As shown in FIG. 5, the vicinity of the front end surface 12a of the convex portion 12 of the light control sheet 10A is bonded in a form embedded in the adhesive layer 100. The height h of the convex portion 12 is obtained by subtracting the burying depth Y shown in FIG. 5 from the height of the convex portion of the light control sheet 10A, and corresponds to the optical height of the convex portion of the light control sheet.

[0047] Regarding the range that the optical height h of the convex portion 12 can take, the above-described apex angle at the convex portion 12 is a force that also varies depending on the pitch p of the convex portion 12. If the typical height h is too low, even if the light totally reflected on the emission surface 21a of the surface light emitting element 20 is not provided with the light control sheet, even if the light is guided into the light control sheet 10A, The light is not applied to the inclined surface 12b of the convex portion 12 but is guided to the exit surface 14 of the light control sheet 10A. The light is totally reflected at the exit surface 14 of the gate 10A. On the other hand, if the optical height h of the convex portion 12 becomes too high, a portion that is not used for light reflection is generated on the inclined surface 12b of the convex portion 12, and the surface of the convex portion 12 having the same pitch p is As the area of the front end surface 12a of the convex portion 12 bonded to the emission surface 21a of the light emitting element 20 is reduced, the amount of light guided into the dimming sheet 10A is reduced. Therefore, it is preferable that the optical height h of the convex portion 12 satisfies the condition of 0.28p≤h≤l.lp with respect to the pitch p of the convex portion 12.

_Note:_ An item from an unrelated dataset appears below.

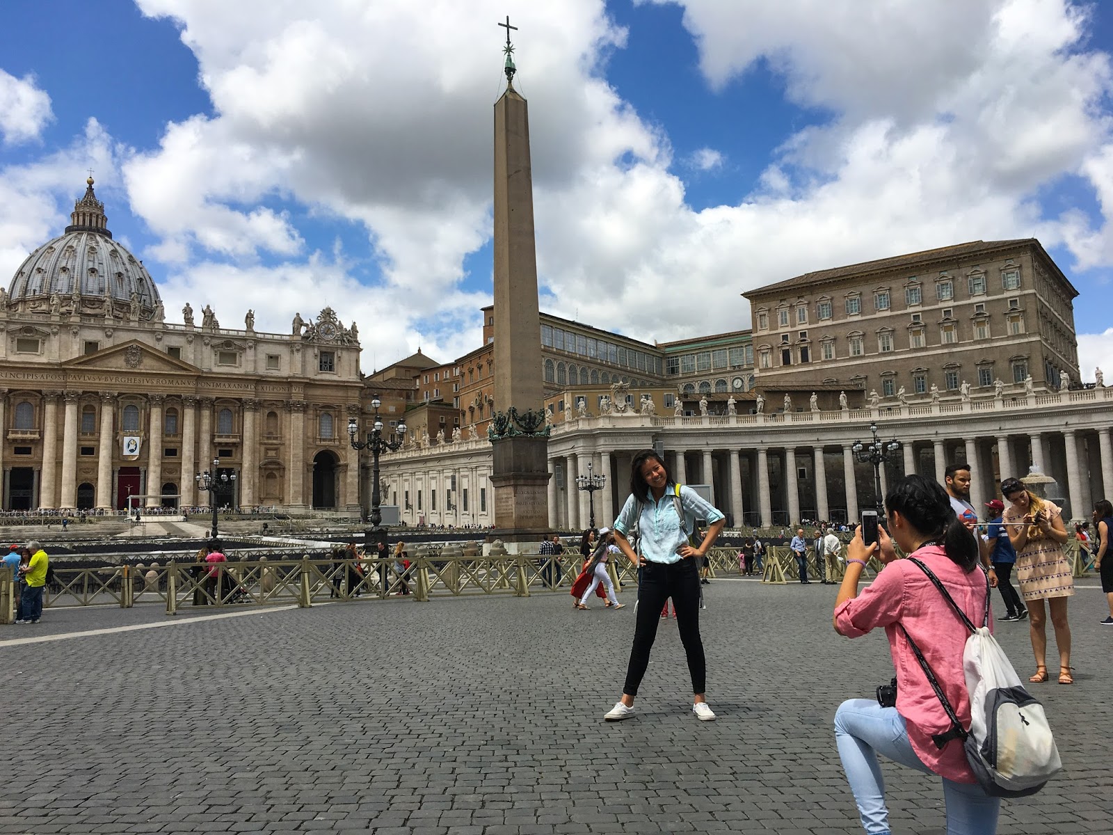 梵蒂冈圣彼德大教堂 St. Peter’s Basilica 前 - “年轻的”我们与700年的教堂和3500-4000年的埃及方尖碑合影 |

[0048] The surface light emitter according to the present invention has a plurality of convex portions on at least one surface, and the tip portions of the convex portions are in contact with the emission surface of the surface light emitting element via an adhesive layer. A part of the tip is bonded so as to be embedded in the adhesive layer, and the ratio of the total area of the convex portion and the adhesive layer bonded to the area of the emission surface of the surface light emitting element is 10% or more and less than 30%. It is a feature.

[0049] The total area where the convex portion and the adhesive layer are bonded is the width from X where the convex portion of the light control sheet 10A is optically in close contact with the emission surface 21a of the surface light emitting element in FIG. It is defined as the total area of optically effective convex portions obtained by the product of the required optically close area and the total number of convex portions.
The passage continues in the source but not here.